Many parallel file systems address this problem by increasing the number of distributed storage nodes and making the data placement on disk more predictable, concentrating on the effective channeling of data to its final destination. This approach of increasing the number of storage nodes adds significant costs to the overall computing system.
In addition, today's parallel I/O infrastructures typically use two inferential systems for data storage that inhibit improvements in spindle bandwidth. They are: (1) object-based parallel file system metadata schema and (2) block-level RAID parity group association. Object-based parallel file systems use file-object maps to describe the locations of a file's data. These maps are key components to the efficiency of the object-storage method because they allow for arbitrary amounts of data to be indexed by a very small data structure composes merely of an ordered list of storage servers and a stride. In essence, the map describes the location of the file's sub-files and the number of bytes that may be accessed before proceeding to the subfile or stripe. Besides the obvious advantages in the art of metadata storage, there are several caveats to this process. The most obvious is that the sub-files are the static products of the object metadata model that was designed with its own efficiency in mind. The result is an overly deterministic data placement method that, by forcing I/O into a specific sub-file, increases complexity at the spindle because of the backing filesystem's block allocation schemes cannot guarantee sequentiality in the face of thousands or millions of simultaneous I/O streams.

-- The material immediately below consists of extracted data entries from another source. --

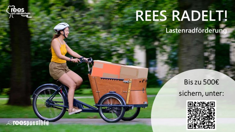 Mit dem Förderprogram „REES RADELT!“ unterstützt die Stadt Rees ab sofort das Engagement der Bürgerinnen und Bürger, einen Teil zur Verkehrswende beizutragen. Fahrradfahren ist nicht nur gut für die Umwelt, sondern fördert auch die Gesundheit. Insbesondere Lastenräder helfen dabei, im Alltag auf die Nutzung des Autos zu verzichten. So lassen sich Einkäufe oder beispielsweise auch der tägliche Weg zur Kita gut mit Lastenräder bewerkstelligen. Die Stadt Rees fördert die Anschaffung von Lastenräder in Form eines Zuschusses mit bis zu 50 %, maximal jedoch 500 €. Gefördert werden Lastenräder, die entweder elektrisch unterstützt oder rein per Muskelkraft betrieben werden. Die Begriffe Lastenfahrrad, Transportrad, Cargobike oder Bakfiets sind dem Begriff Lastenrad gleichgesetzt. Lastenräder sind entweder zwei- oder dreirädrig und besitzen eine Ladefläche vor dem Lenkrad, welche entweder dem Transport von Gegenständen oder Personen dienen kann.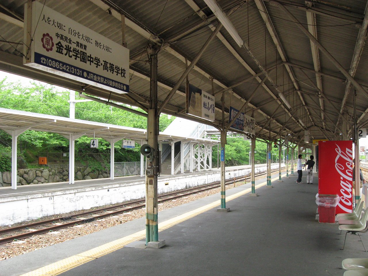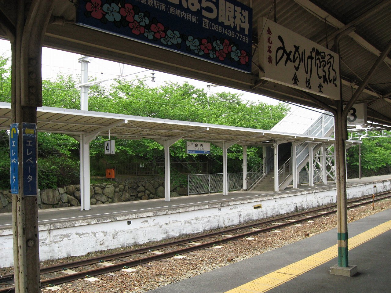 倉敷、新倉敷などの人多げな駅をやり過ごして、金光という駅に僕は向かった。すでに車内は午前十時の眠たさをたたえ、何度も渡河し、もはやどこだかわからなくなった。岡山は山陽道のまっただなかを旅してる、そんな感じだった。やがて車内にはコンコー、コンコーです、と無表情な女声の放送が流れ、何もかもがそのままに流れていくような初夏の午睡だった。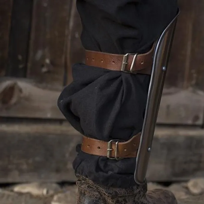 Denne ben rustning er baseret på middelalderlige ben rustning. Det har læderremme til at justere rustning til størrelsen af dit skinneben og sikre det ordentligt. Metallet sværtet på indersiden for at undgå rust. Stålet er 1 mm tyk og beskytter benene godt under larp kampe mod virkningen af pile og lignende.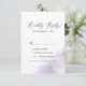 Cette carte RSVP de demande de chanson violet de lavage à l'aquarelle est parfaite pour un mariage moderne. Le design simple et classique présente une touche d'eau violette pastel lavande avec un style minimaliste et élégant. Créez votre liste d'invités mariages et votre liste de chansons de piste de danse tout à la fois ! Cette carte de réponse mariage demande aux invités s'ils pourront assister à votre mariage, et aussi quelle chanson les amènera à danser.

RAID systems infer that every same-numbered block within the respective set of spindles are bound together to form a protected unit. This method is effective because only the address of a failed block is needed to determine the location of its protection unit “cohorts” with not further state being stored. Despite this inferential advantage, strict or loose parity clustering can be detrimental to performance because it pushes data to specific regions on specific disks.
SUMMARYIn one general aspect, the present invention is directed to systems and methods for increasing the efficiency of data storage processes for high performance, high core number computing systems. In the age of petascale compute systems, where disk speeds are greatly outpaced by the performance of CPU's and the speed of high-performance networks, maintaining sequentiality at the spindle is the most effective method of providing a scalable, cost-effective checkpoint I/O system. In one embodiment, the systems of the present invention perform sequential I/O whenever possible. To achieve a high degree of sequentiality, the block allocation scheme is not determined by data offset or the file object identifier, but rather by the next available block on the disk. This simple, non-deterministic data placement method is extremely effective for providing sequential data streams to the spindle by minimizing costly seeks. The sequentiality of the allocation scheme is not affected by the number of clients, the degree of randomization within the incoming data streams, the logical byte addresses of incoming request's file extents, or the RAID attributes (i.e., parity position) of the block. It should be noted that a block's parity position does restrict the number of disks that may handle it. This is the only determinism maintained in the write process in various embodiments.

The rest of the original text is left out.